**INFORMATION SHOWN:**
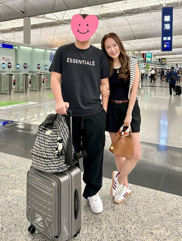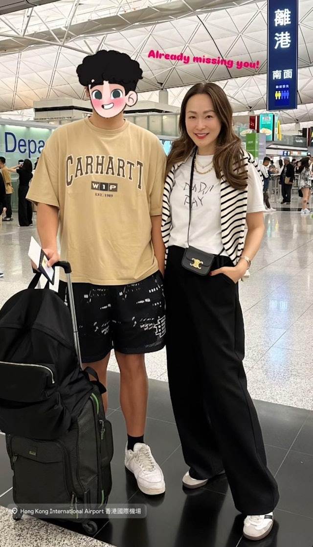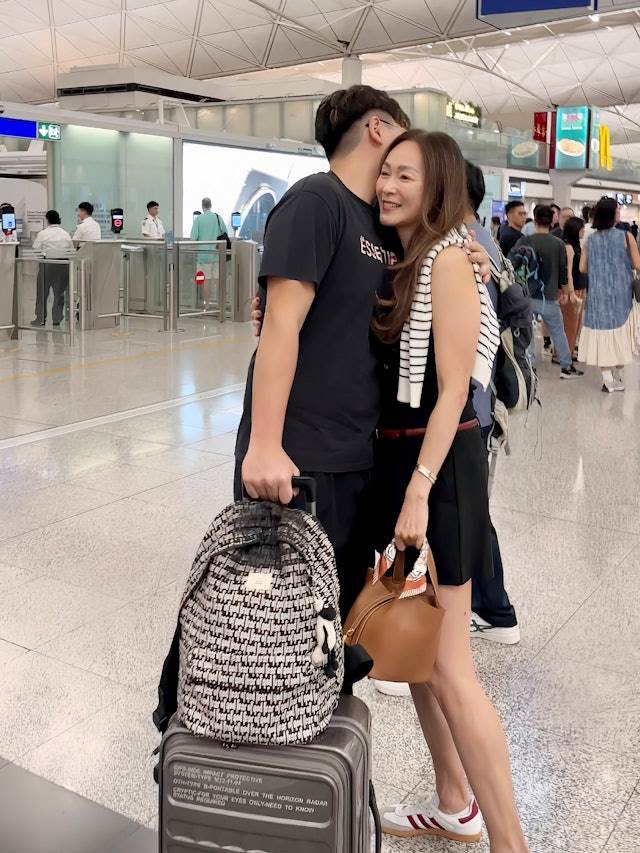 最近,童愛玲在社群平台分享了送兒子回英國開學的照片。
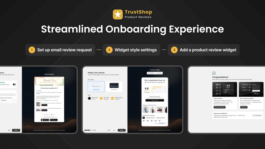 We’ve completely reimagined our onboarding process based on merchant feedback. The new flow reduces setup steps and focuses on what truly matters – getting your review system up and running quickly.
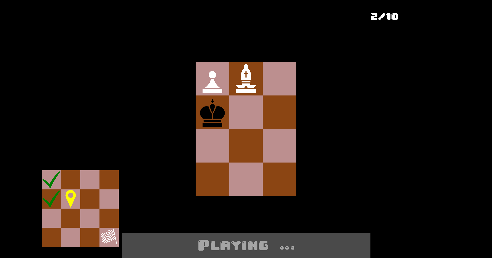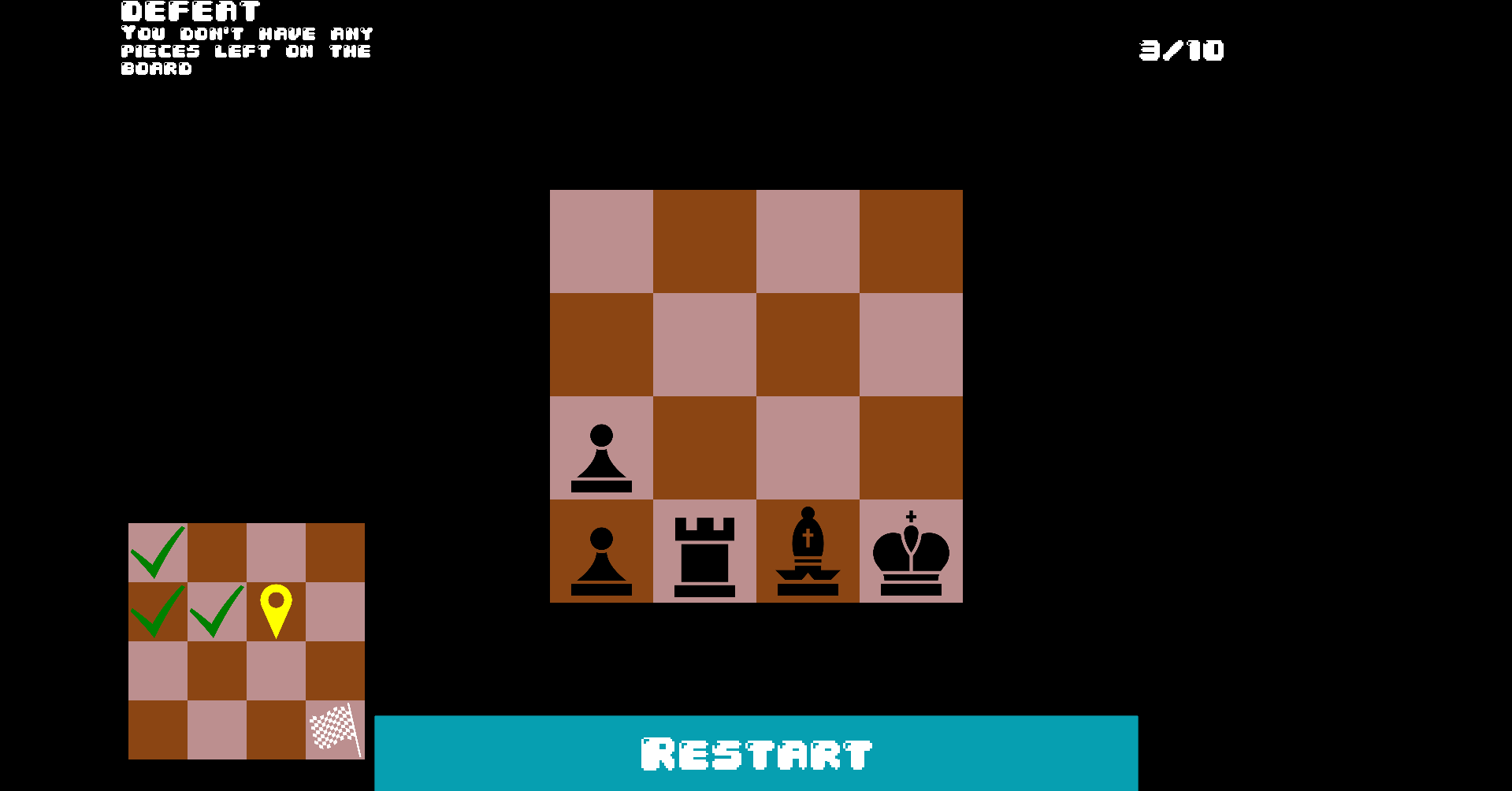 Puzzle is solved by capturing the black king. You lose if white king is captured, there are no white pieces on the board or you have reached the max moves.
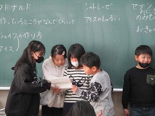 2年1組 生活科「町探検」11月26日に行った町探検の発表をしていました。グループごとにお店や施設を見学したことを、言葉や写真を使ってわかりやすく発表していました。

**INSTRUCTIONS TO FOLLOW:**
Beginning at the line that contains "Puzzle is solved" and ending at the last line of the data, return each line exactly; no picture belongs in the copy.

**WORKED SOLUTION:**
 Puzzle is solved by capturing the black king. You lose if white king is captured, there are no white pieces on the board or you have reached the max moves.
 2年1組 生活科「町探検」11月26日に行った町探検の発表をしていました。グループごとにお店や施設を見学したことを、言葉や写真を使ってわかりやすく発表していました。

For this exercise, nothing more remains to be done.